The results are a blow to Gilead, which is working to become a powerful player in the cancer space. The treatment, Trodelvy, is one of Gilead's best-selling cancer drugs and contributed about a third of its $769 million in oncology sales during the third quarter.
The phase three study is part of an effort to expand the use of Trodelvy, which is already approved to treat some types of breast and bladder cancers.
According to Gilead, patients with advanced or metastatic non-small cell lung cancer who took Trodelvy lived longer than those who received chemotherapy alone. But those results did not meet the trial's requirements. bar for success.
The drugmaker said it will discuss the results with regulators and identify whether certain lung cancer patients can still benefit from the drug.

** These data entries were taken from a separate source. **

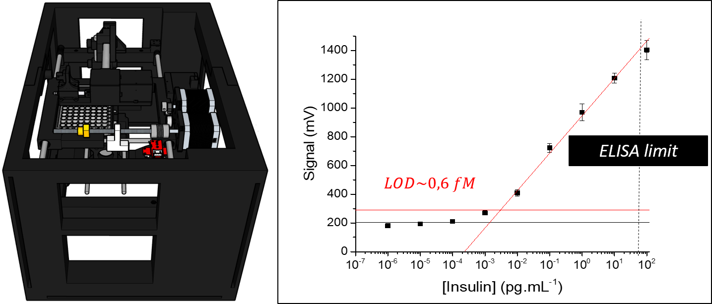 Droite: Plan du système de détection ultra-sensible, basés sur l'excitation UV et la collection résolue en temps. Gauche: Détection de l'insuline dans du tampon aqeux et comparaison au test ELISA de référence.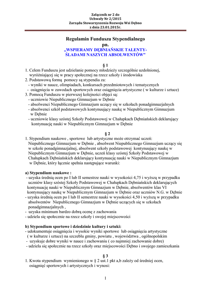 Załącznik nr 2 do Uchwały Nr 2/2015 Zarządu Stowarzyszenia Rozwoju Wsi Dębno z dnia 23.01.2015r. Regulamin Funduszu Stypendialnego pn. ,,WSPIERAMY DĘBNIAŃSKIE TALENTYŚLADAMI NASZYCH ABSOLWENTÓW” §1 1. Celem Funduszu jest udzielanie pomocy młodzieży szczególnie uzdolnionej, wyróżniającej się w pracy społecznej na rzecz szkoły i środowiska 2. Podstawową formą pomocy są stypendia za: - wyniki w nauce, olimpiadach, konkursach przedmiotowych i tematycznych - osiągnięcia w zawodach sportowych oraz osiągnięcia artystyczne ( w kulturze i sztuce) 3. Pomocą Funduszu w pierwszej kolejności objęci są: - uczniowie Niepublicznego Gimnazjum w Dębnie - absolwenci Niepublicznego Gimnazjum uczący się w szkołach ponadgimnazjalnych - absolwenci szkół podstawowych kontynuujący naukę w Niepublicznym Gimnazjum w Dębnie - uczniowie klasy szóstej Szkoły Podstawowej w Chałupkach Dębniańskich deklarujący kontynuację nauki w Niepublicznym Gimnazjum w Dębnie §2 1. Stypendium naukowe , sportowe lub artystyczne może otrzymać uczeń: Niepublicznego Gimnazjum w Dębnie , absolwent Niepublicznego Gimnazjum uczący się w szkole ponadgimnazjalnej, absolwent szkoły podstawowej kontynuujący naukę w Niepublicznym Gimnazjum w Dębnie, uczeń klasy szóstej Szkoły Podstawowej w Chałupkach Dębniańskich deklarujący kontynuację nauki w Niepublicznym Gimnazjum w Dębnie, który łącznie spełnia następujące warunki: a) Stypendium naukowe : - uzyska średnią ocen po I lub II semestrze nauki w wysokości 4,75 i wyższą w przypadku uczniów klasy szóstej Szkoły Podstawowej w Chałupkach Dębniańskich deklarujących kontynuację nauki w Niepublicznym Gimnazjum w Dębnie, absolwentów klas VI kontynuujący naukę w Niepublicznym Gimnazjum w Dębnie oraz uczniów N.G. w Dębnie - uzyska średnią ocen po I lub II semestrze nauki w wysokości 4,50 i wyższą w przypadku absolwentów Niepublicznego Gimnazjum w Dębnie uczących się w szkołach ponadgimnazjalnych , - uzyska minimum bardzo dobrą ocenę z zachowania - udziela się społecznie na rzecz szkoły i swojej miejscowości b) Stypendium sportowe i dziedzinie kultury i sztuki: - udokumentuje osiągnięcia i wysokie wyniki sportowe lub osiągnięcia artystyczne ( w kulturze i sztuce) na szczeblu gminy, powiatu , województwa , ogólnopolskim - uzyskuje dobre wyniki w nauce i zachowaniu ( co najmniej zachowanie dobre) - udziela się społecznie na rzecz szkoły oraz miejscowości Dębno i swojego zamieszkania §3 1. Kwota stypendium wymienionego w § 2 ust.1 pkt a,b zależy od średniej ocen, osiągnięć sportowych i artystycznych i wynosi: 1 Załącznik nr 2 do Uchwały Nr 2/2015 Zarządu Stowarzyszenia Rozwoju Wsi Dębno z dnia 23.01.2015r. a) dla uczniów klasy szóstej Szkoły Podstawowej w Chałupkach Dębniańskich deklarujących kontynuację nauki w Niepublicznym Gimnazjum w Dębnie, absolwentów klas VI szkoły podstawowej kontynuujących naukę w N.G. w Dębnie oraz uczniów Niepublicznego Gimnazjum w Dębnie - do 50 zł. miesięcznie przy średniej 4,75- 4,99 - do 100 zł. miesięcznie przy średniej 5,00 i wyższej - do 50 zł. miesięcznie za osiągnięcia sportowe lub artystyczne na szczeblu gminy, powiatu - do 100 zł miesięcznie za osiągnięcia sportowe lub artystyczne na szczeblu wojewódzkim i ogólnopolskim b) dla uczniów szkół ponadgimnazjalnych będących absolwentami N.G. w Dębnie. - do 100 zł. miesięcznie przy średniej 4,50 - 4,99 - do 150 zł. miesięcznie przy średniej 5,00 i wyższej - do 50 zł. miesięcznie za osiągnięcia sportowe lub artystyczne na szczeblu gminy, powiatu - do 100 zł miesięcznie za osiągnięcia sportowe lub artystyczne na szczeblu wojewódzkim i ogólnopolskim §4 1. Ustala się dwa terminy przyznania stypendium: a) po zakończeniu I semestru ( przyznaje się stypendium na okres styczeń – czerwiec) b) po zakończeniu II semestru ( przyznaje się stypendium na okres wrzesień – grudzień) §5 1. Wniosek do Zarządu Stowarzyszenia o przyznanie stypendium składają rodzice lub prawni opiekunowie dziecka przedstawiając następujące dokumenty: a) wniosek o przyznanie stypendium (zał.nr1do Regulaminu) b) potwierdzoną przez Dyrektora N.G. w Dębnie , Dyrektora Szkoły Podstawowej lub ponadgimnazjalnej informację uczniu tj. o średniej ocen za I lub II semestr danego roku szkolnego, oraz opinię Dyrektora szkoły o aktywności społecznej ucznia ( zał. nr 2) c) list motywacyjny kandydata do stypendium (zał. Nr 3 do regulaminu) d) zobowiązanie się do osobistego uczestnictwa w uroczystości wręczenia promes( zał. nr 4) e) zgodę na przetwarzanie danych osobowych(zał. nr 5 do regulaminu) f) oświadczenie, że uczeń nie uzyskuje dochodów podlegających opodatkowaniu z wyjątkiem renty rodzinnej, oraz dochodów określonych w art.29-30b i art.30e ustawy o podatku dochodowym PIT- 2C ( zał. nr 6 do regulaminu) 2. Brak któregokolwiek załącznika powoduje wezwanie do uzupełnienia ,a w przypadku niedostarczenia dokumentu skutkuje odrzuceniem wniosku na etapie oceny formalnej. §6 1. Decyzje o przyznaniu stypendium każdorazowo podejmuje Zarząd Stowarzyszenia, określając wysokość stypendiów, formę i terminy ich realizacji oraz sposób wypłaty 2. Decyzja Zarządu o przyznaniu stypendium jest ostateczna i nie podlega odwołaniu 3 Do zadań Zarządu w ramach funduszu Stypendialnego należy: -ocena wniosków stypendialnych - przyznawanie stypendiów 4.Ocena wniosków stypendialnych dokonywana jest na podstawie niniejszego Regulaminu Funduszu Stypendialnego zatwierdzonego przez Zarząd Uchwałą Nr 2/2015 z 23.01.2015r. 5.W uzasadnionych przypadkach Zarząd może zażądać od Wnioskodawców dalszych szczegółowych informacji w celu wyjaśnienia wątpliwości w przedłożonych dokumentach 6.Zarząd podejmuje decyzje o przyznaniu stypendium w formie uchwały 2 Załącznik nr 2 do Uchwały Nr 2/2015 Zarządu Stowarzyszenia Rozwoju Wsi Dębno z dnia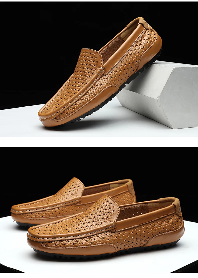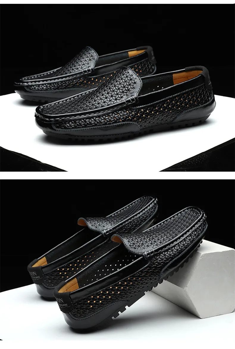 Мужские мокасины из натуральной кожи, дышащие Лоферы без шнуровки, повседневная обувь для вождения, лето, BTMOTTZ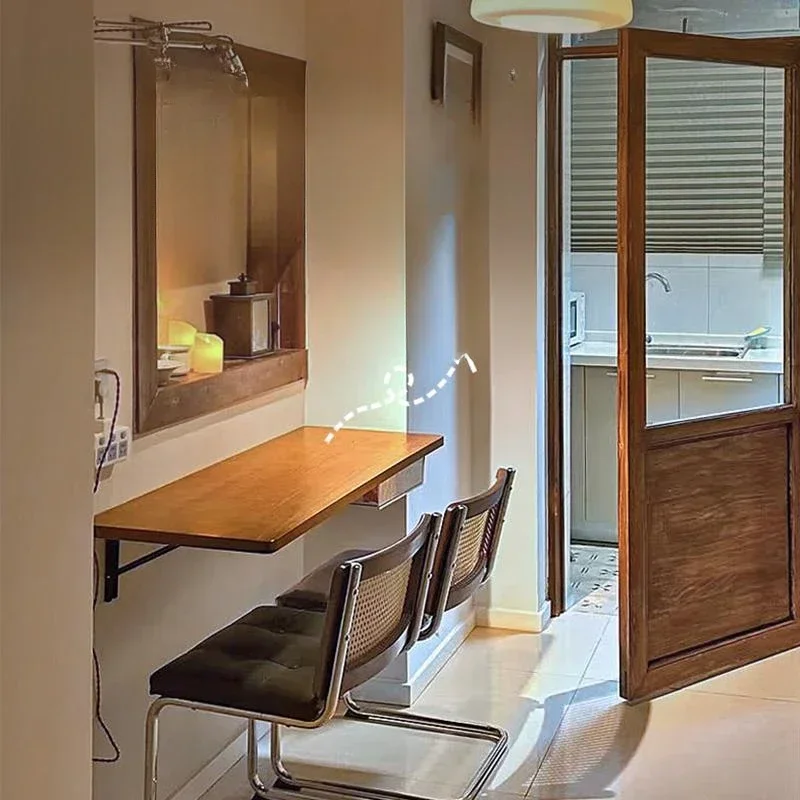 Caractéristiques: Cette table murale est fabriquée en pin, dont la structure est stable et durable. Les tables sont conçues avec des coins arrondis pour éviter les chocs, et les tables peuvent être pliées, ce qui est pratique et durable. Cette table convient à diverses scènes de maison telles que la barre de livre, le café et la maison.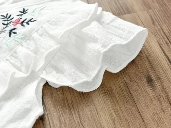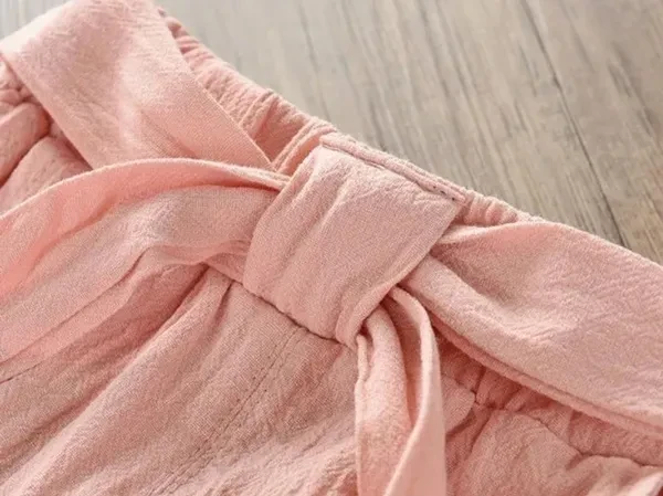 2Pcs Children Clothing Set Little Kids Girls Sleeveless Embroidery Shirt + Bowkont Shorts Baby Girl Outfits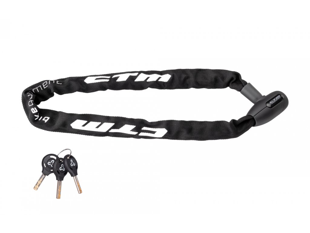 Kvalitní řetězový zámek Pogumovaná povrchová úprava hlavy a utěsněné pouzdro řetězu Balení obsahuje 3 klíče Extra odolná konstrukce Rozměry: 6x900 mm Barva: matná černá

Trodelvy belongs to a highly sought-after class of treatments called antibody-drug conjugates, or ADCs, which deliver anticancer therapy to specifically attack and destroy cancer cells and minimize damage to healthy ones. Standard chemotherapy is less selective: it can affect both cancerous and healthy cells.
ADCs are one of the hottest areas in the pharmaceutical industry, as large drugmakers sign deals to acquire or co-develop them.
Jefferies analyst Michael Yee said Gilead's trial results are not “totally surprising” to the company because data from early studies were mixed and data from competing drugs was “mediocre.”
Yee added that the trial results could “dent” investor confidence about whether Gilead will have significant sales in oncology.